■ **Instructions to follow**: Pictures in the entries below are excluded; copy only the lines from the one containing "Our Knitted Linen" to the one containing "Balticus Żabnica Anglerfish", both included.

*** Opening Supplied information ***

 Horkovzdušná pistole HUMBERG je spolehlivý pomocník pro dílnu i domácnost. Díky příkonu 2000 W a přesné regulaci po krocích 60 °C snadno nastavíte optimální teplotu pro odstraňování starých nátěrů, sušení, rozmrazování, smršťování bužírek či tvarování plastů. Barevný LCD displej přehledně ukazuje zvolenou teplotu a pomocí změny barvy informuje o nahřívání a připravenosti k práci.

*** Closing Supplied information ***
*** Opening Supplied information ***

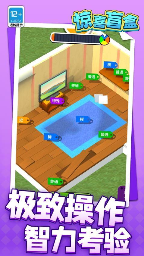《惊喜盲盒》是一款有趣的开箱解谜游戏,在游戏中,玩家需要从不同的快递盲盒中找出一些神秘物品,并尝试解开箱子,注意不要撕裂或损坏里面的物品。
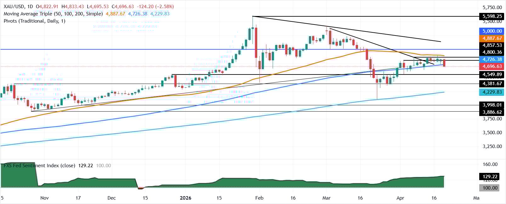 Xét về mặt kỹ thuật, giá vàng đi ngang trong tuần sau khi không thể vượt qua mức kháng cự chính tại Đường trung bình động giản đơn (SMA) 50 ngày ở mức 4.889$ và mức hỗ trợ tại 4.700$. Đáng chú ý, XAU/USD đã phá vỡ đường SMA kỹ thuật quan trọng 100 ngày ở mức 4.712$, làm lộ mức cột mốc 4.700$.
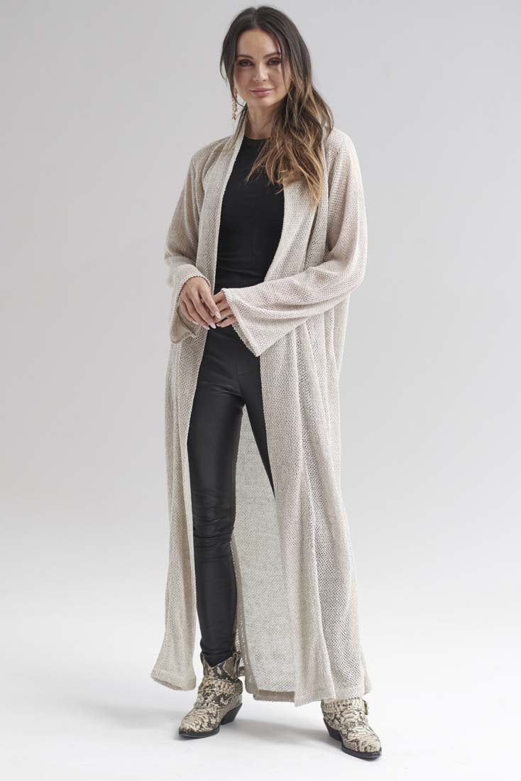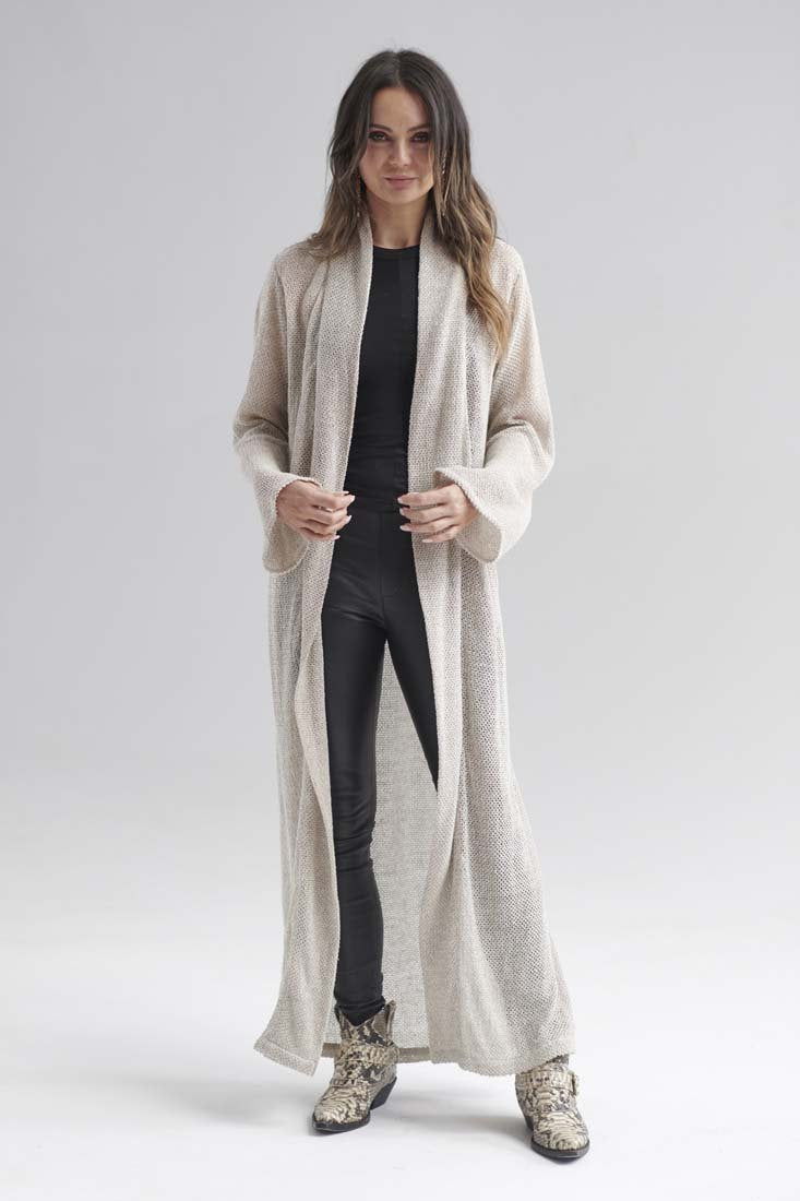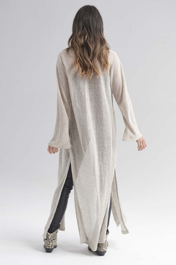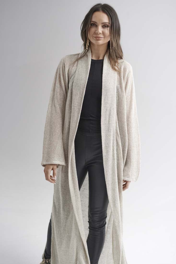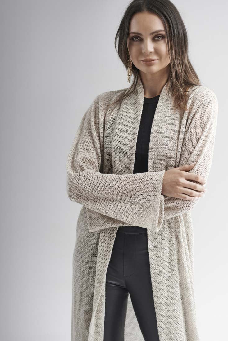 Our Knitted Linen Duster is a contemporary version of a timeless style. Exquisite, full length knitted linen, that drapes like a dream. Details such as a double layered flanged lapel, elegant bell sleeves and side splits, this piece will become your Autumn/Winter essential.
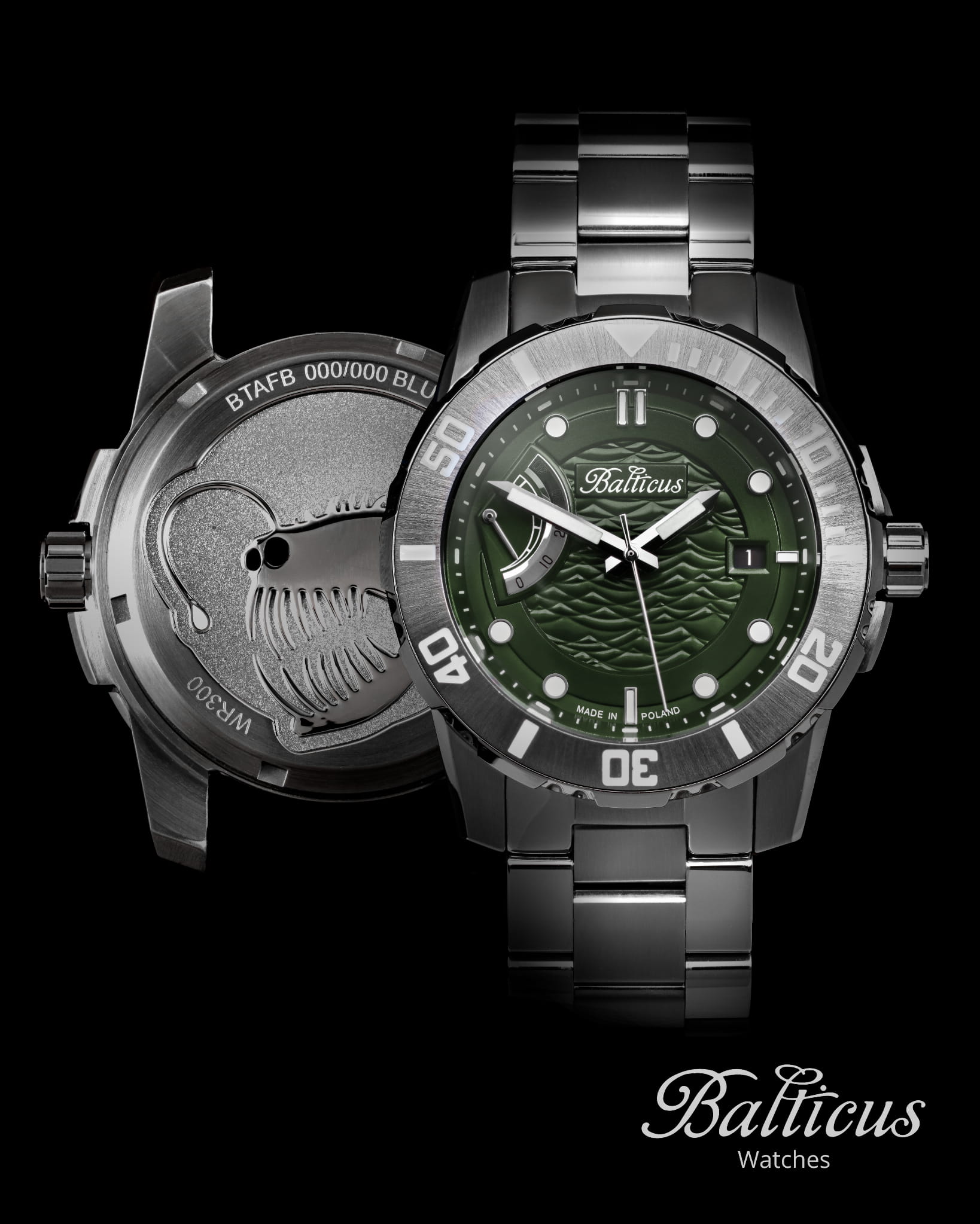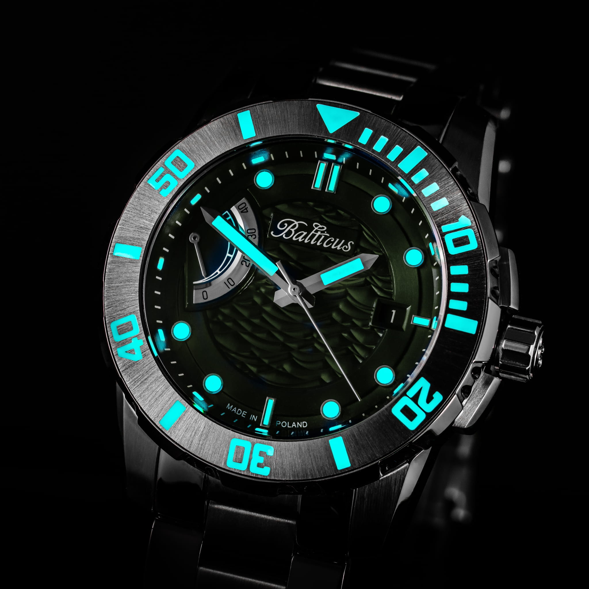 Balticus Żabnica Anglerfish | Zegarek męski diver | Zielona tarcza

*** Closing Supplied information ***

■ **Task response**:
 Our Knitted Linen Duster is a contemporary version of a timeless style. Exquisite, full length knitted linen, that drapes like a dream. Details such as a double layered flanged lapel, elegant bell sleeves and side splits, this piece will become your Autumn/Winter essential.
 Balticus Żabnica Anglerfish | Zegarek męski diver | Zielona tarcza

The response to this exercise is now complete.